La fotografía es de un ultramarino recreado en la exposición “Les botigues Museu” de Pallars (Lérida)
Los viajantes venían a visitar periódicamente a los dueños de las tiendas. Uno de ellos llegaba con un “Seat 600” desde Sevilla con dos grandes maletas que podían calificarse por su tamaño como baúles. Eran de cuero, bien atadas con correajes y reforzadas con chapas en las cuatro esquinas para preservarlas del desgaste. Pasaba dos o tres días en el pueblo ofreciendo los artículos y novedades. Se colocaba en un extremo del mostrador. Allí, cuando no había clientes, trataban el comerciante y él sobre precios, modelos y condiciones de pago. Aquel clásico de letras a treinta, sesenta y noventa.
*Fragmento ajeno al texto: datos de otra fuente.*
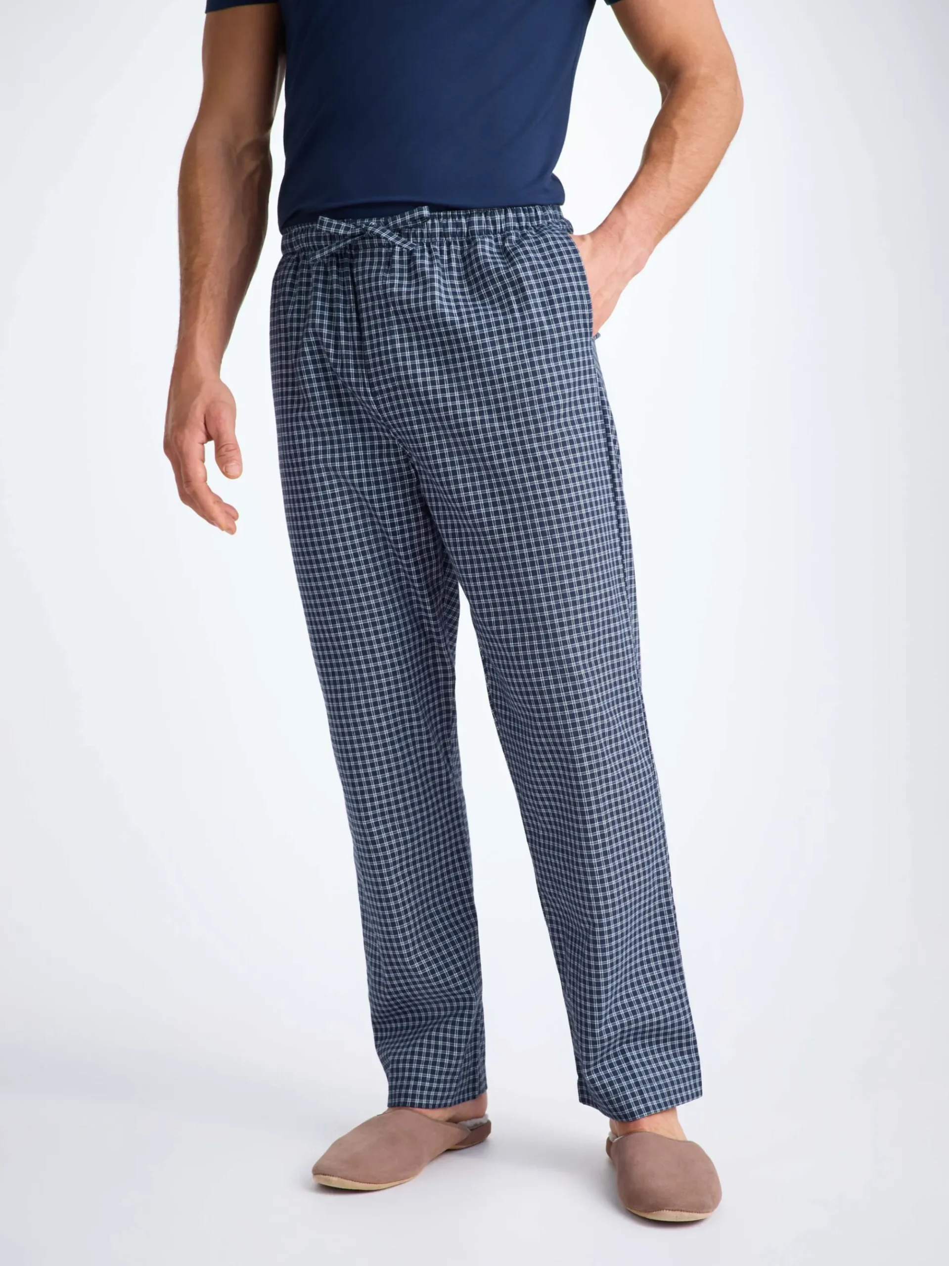Our lounge trousers feature a combined elastic and self-fabric tied waist for a comfortable fit and two inset side pockets and a rear patch pocket to help keep your phone and other items close while you’re lounging.

Este viajante representaba a una casa de tejidos y traía pequeños muestrarios rectangulares con los distintos colores y calidades de las telas o piezas completas para su examen.
Las mujeres confeccionaban vestidos, siguiendo modelos que venían en unas revistas llamadas figurines. El que despachaba extendía sobre el mostrador las piezas de raso, de pana, de terciopelo, de franela o de seda para que la clientela comprobase con el roce de sus dedos la calidad y textura.
Este comercio era similar a otros que había en la mayoría de los pueblos. En ellos podías comprar desde un botón hasta un kilo de cal, pasando por azufre en polvo, puntas o un kilo de azúcar a granel. ¡Qué habilidad tenían envolviendo los productos en papel de estraza! Remetían los laterales y doblaban la solapa en forma de pico sobre sí misma.
En la puerta, según temporada, montaban un escaparate con capotes para la lluvia, botas katiuskas, sombreros de paja, cribas o bieldos para aventar en las eras.
Al final de cada jornada el dueño se sentaba en la trastienda a echar cuentas de existencias y ventas hasta el horario de cierre, que solía hacerse bien entrada la noche.
Disponían de una libreta donde anotaban lo fiado. “Apúntamelo en la cuenta”. Práctica habitual porque se andaba a la cuarta pregunta y porque los ingresos de las economías familiares llegaban con los jornales que el campo ofrecía estacionalmente.
Pocas de las llamadas grandes superficies actuales permiten esos usos, como cuando nos mandaban nuestras madres: “Anda, ve a casa de José que te dé un kilo de patatas, que a la tarde se las pago yo”.
El encargado de la tienda de ultramarinos despachaba a conveniencia del consumidor: cuarto y mitad de mortadela o piezas de bonito para llevarlas con un poco de aceite. “Échame un poquito más, que si no se resecan”. No tenían hora fija de cierre ni prisas. Si le pedían algún artículo nunca decían que no lo había: “Está pedido, si no llega mañana, antes de que acabe la semana sin falta está aquí”. A la tienda no se iba solo a comprar, también se intercambiaban las últimas noticias de lo que sucedía en el pueblo.
La facilidad para desplazarse, el cambio de costumbres, los impuestos, la imposibilidad de competir con las grandes superficies donde se compra en silencio y con carrito hacen muy difícil su pervivencia.
En los últimos años hemos ido comprobando su irremediable decadencia. Me entristece, por lo que significaron en el tejido social del pueblo, ver en el fondo del local al tendero cómo mira por encima de sus gafas cuando oye pasos que pasan de largo sin entrar.